果実酒

 1年前に漬けた枇杷の果実酒を出してみた。毎年庭で大量に採れる枇杷の実はコンポートやジャムにして近所にも配り、残りを氷砂糖と一緒に焼酎に漬ける。

 葉は入浴剤にすると身体が芯から温まり、乾燥させて茶にして飲むと、咳止めや浮腫の解消、胃腸の調整、美肌効果などがある。苦くて美味しくないが、風邪の引き始めによく母に飲まされた。


 枇杷には捨てる所が無い。種も中身を取り出して炒って食べるとホクホクして美味しいが、生の種子は動物の体内の酵素と結びついてシアン化合物(青酸)を発生させるので食べ過ぎ注意だ。未成熟な種子を動物に食べられないようにする植物の防衛機能なのだろう。

 食べてはいけないと農林水産省から注意喚起も出されている。

 

 漬けた当初は薄い黄色だった色が徐々に琥珀色に染まり、今は黒に近い濃い橙色に変わっている。炭酸水で割るのも良いが、喉を通る刺激が苦手な私は枇杷酒と水を背の低いグラスに注いで氷を浮かべた。

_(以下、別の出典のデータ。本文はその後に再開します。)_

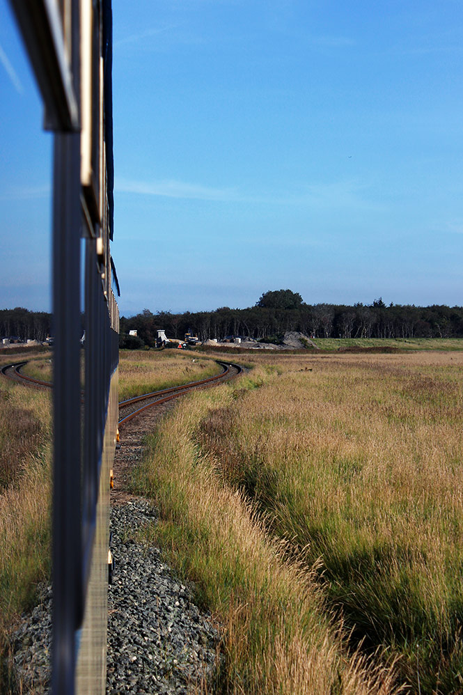 ‹ Die Inselbahn befindet sich nun fast am Dorfgrodendeich. Wir blicken schon einmal voraus und sehen in einiger Entfernung die Baustelle am Deichschart, das momentan deutlich erhöht und verstärkt wird.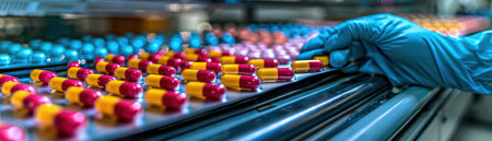 Detailed view of vibrant medication capsules on a production line, showcasing advanced machinery in a modern pharmaceutical facility focused on quality and efficiency.

 薄くなった橙色を光に透かして見る。キラキラと光を照り返す複雑な屈折が美しい。


―きれい…


―おさけ…


 そういえばすうにお酒を飲ませた事はないが、飲むとどうなるのだろう。ジャムやコンポートは喜んでいたが、酒は飲んでいない。

 悪戯心を起こしてグラスをもう一つ用意し、液体を注いで卓袱台の隅に置く。


―おさけ…


 私は自分もグラスを傾けながら、すうの声を聞いていたが、つい飲み過ぎてそのまま眠ってしまった。

 夜中にふと目が覚めると、なんだか部屋の様子がおかしい。

 点けた覚えのないラジオが音楽を流し、それに合わせるように蛍光灯が明滅し、部屋に置いてある時計や食器等が踊っている。


―おさけ…


―おいしい…


―たのしい…


「すう!?」


 視界の端に子供のような裸足の爪先がちらりと映り、私は慌てて大声を上げた。


 置き時計がぽとりと畳の上に落ちた。壊れていないか確かめて、他の落下物を拾い集めながら、私はすうに酒を飲ませるのはやめようと強く思った。